Find valid combinations based on matrix

I have a in CALC the following matrix: the first row (1) contains employee numbers, the first column (A) contains productcodes.
Everywhere there is an X that productitem was sold by the corresponding employee above
| 0302 | 0303 | 0304 | 0402 |
1625 | X | | X | X |
1643 | | X | X | |
...
We see that product 1643 was sold by employees 0303 and 0304
What I would like to see is a list of what product was sold by which employees but formatted like this:
1625 | 0302, 0304, 0402 |
1643 | 0303, 0304 |
The reason for this is that we need this matrix ultimately imported into an SQL SERVER table. We have no access to the origins of this matrix.
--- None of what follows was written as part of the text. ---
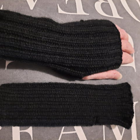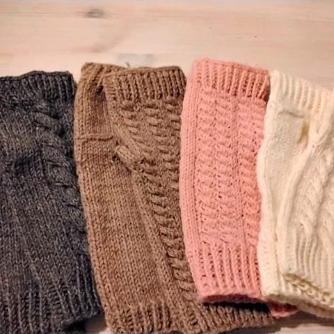 Luonnonvalkoiset kämmekkät, vaaleansinisillä raidoilla.

It contains about 50 employees and 9000+ products.
Thanx for thinking with us!
try something like this
;with data as
(
SELECT *
FROM ( VALUES (1625,'X',NULL,'X','X'),
(1643,NULL,'X','X',NULL))
cs (col1, [0302], [0303], [0304], [0402])
),cte
AS (SELECT col1,
col
FROM data
CROSS apply (VALUES ('0302',[0302]),
('0303',[0303]),
('0304',[0304]),
('0402',[0402])) cs (col, val)
WHERE val IS NOT NULL)
SELECT col1,
LEFT(cs.col, Len(cs.col) - 1) AS col
FROM cte a
CROSS APPLY (SELECT col + ','
FROM cte B
WHERE a.col1 = b.col1
FOR XML PATH('')) cs (col)
GROUP BY col1,
LEFT(cs.col, Len(cs.col) - 1)
I think there are two problems to solve:
get the product codes for the X marks;
concatenate them into a single, comma-separated string.
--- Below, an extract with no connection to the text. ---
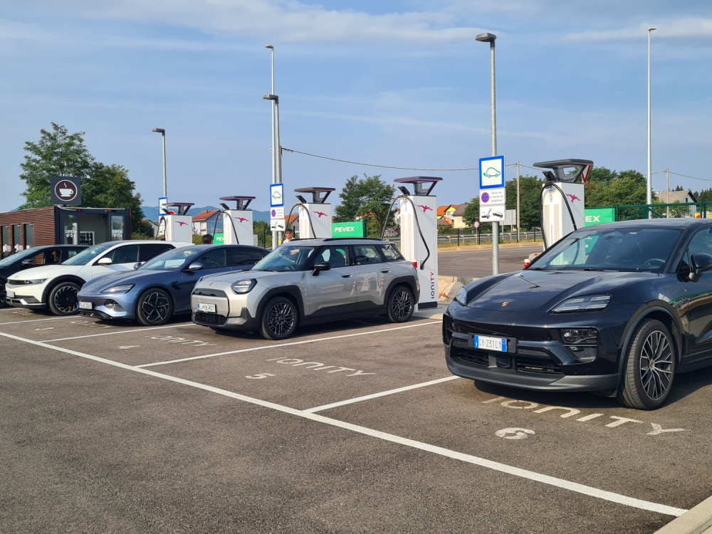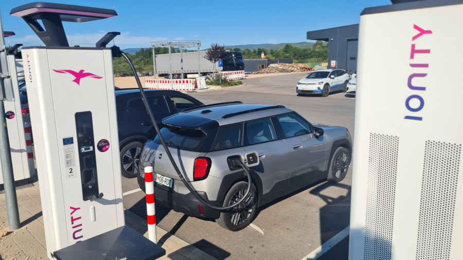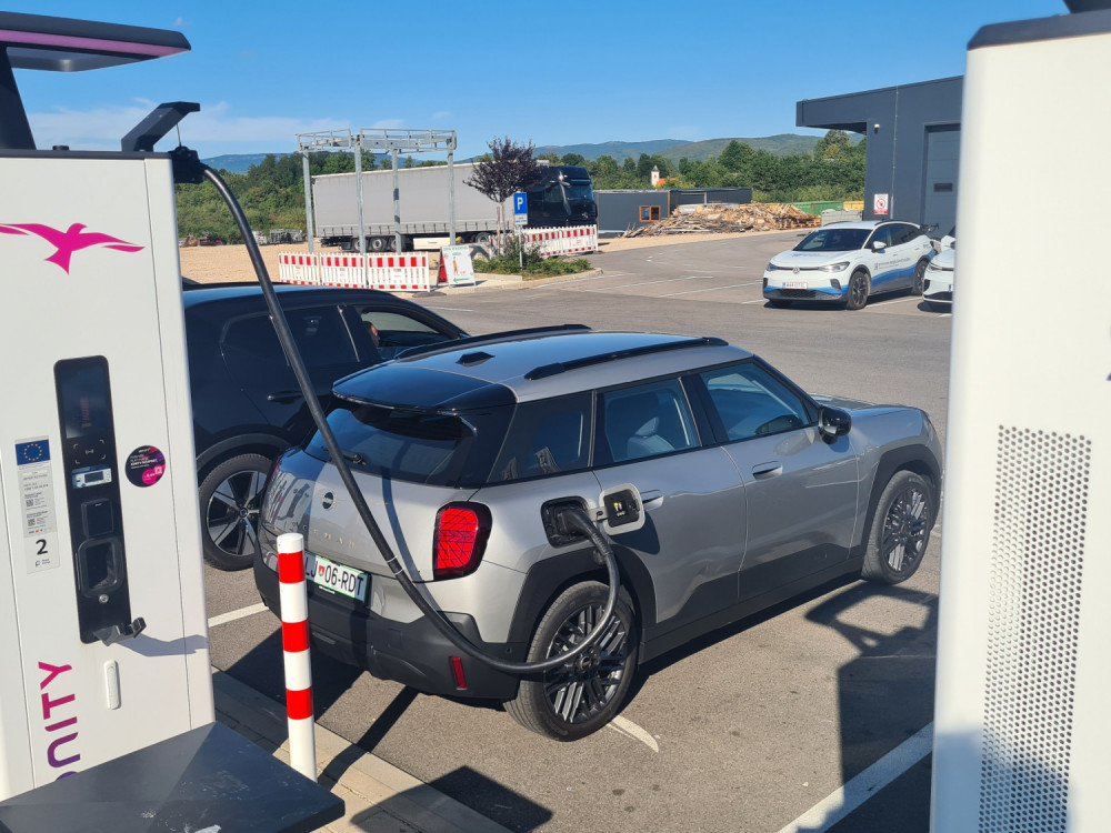 Svih šest mjesta na Ionity punionici kod Gospića bilo je zauzeto. Jedno je odmah bilo slobodno, ali to je bilo zato što punionica nije bila u funkciji. Srećom, automobili su se brzo mijenjali. Bio sam drugi u redu. Čekao sam pet minuta na svoj red. Mini se punio brzinom do 70 kilovata. Nakon 45 minuta napunio sam 31 kWh. Većina putovanja je već bila iza mene, pa sam bez puno brige nastavio putovanje s 247 kilometara dometa.

I can't offer a solution for both issues in one step, but you may handle both issues separately.
1.
To replace the X marks by the respective product codes, you could use an array function to create a second table (matrix). To do so, create a new sheet, copy the first column / first row, and enter the following formula in cell B2:
=IF($B2:$E3="X";$B$1:$E$1;"")
You'll have to adapt the formula, so it covers your complete input data (If your last data cell is Z9999, it would be =IF($B2:$Z9999="X";$B$1:$Z$1;"")). My example just covers two rows and four columns.
After modifying it, confirm with CTRL+SHIFT+ENTER to apply it as array formula.
2.
Now, you'll have to concatenate the product codes. LO Calc lacks a feature to concatenate an array, but you could use a simple user-defined function. For such a string-join function, see this answer. Just create a new macro with the StarBasic code provided there and save it. Now, you have a STRJOIN() function at hand that accepts an array and concatenates its values, leaving empty values out.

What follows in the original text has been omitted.